___ Data shown
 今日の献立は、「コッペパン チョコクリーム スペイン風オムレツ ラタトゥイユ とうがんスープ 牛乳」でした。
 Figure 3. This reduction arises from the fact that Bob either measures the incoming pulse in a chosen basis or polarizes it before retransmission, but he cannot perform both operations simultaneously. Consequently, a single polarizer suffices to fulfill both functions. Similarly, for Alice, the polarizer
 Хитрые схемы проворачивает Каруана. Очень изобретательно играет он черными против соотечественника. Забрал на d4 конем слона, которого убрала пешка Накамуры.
______
___ Data shown
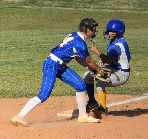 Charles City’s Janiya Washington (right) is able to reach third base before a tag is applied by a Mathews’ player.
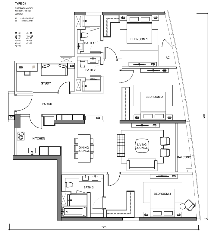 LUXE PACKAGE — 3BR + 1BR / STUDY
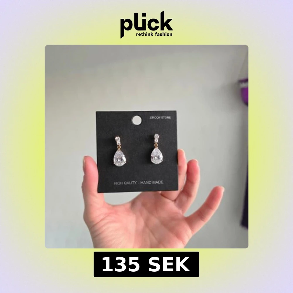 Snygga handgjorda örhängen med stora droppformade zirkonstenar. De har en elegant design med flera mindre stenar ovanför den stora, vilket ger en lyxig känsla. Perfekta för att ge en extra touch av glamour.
______
* **Assignment**
Both the line containing "今日の献立は、「コッペパン チョコクリーム スペイン風オムレツ" and the line containing "Хитрые схемы проворачивает" belong in the answer. Print them and every line above that falls between them exactly, and no others.

* **Answer box**
 今日の献立は、「コッペパン チョコクリーム スペイン風オムレツ ラタトゥイユ とうがんスープ 牛乳」でした。
 Figure 3. This reduction arises from the fact that Bob either measures the incoming pulse in a chosen basis or polarizes it before retransmission, but he cannot perform both operations simultaneously. Consequently, a single polarizer suffices to fulfill both functions. Similarly, for Alice, the polarizer
 Хитрые схемы проворачивает Каруана. Очень изобретательно играет он черными против соотечественника. Забрал на d4 конем слона, которого убрала пешка Накамуры.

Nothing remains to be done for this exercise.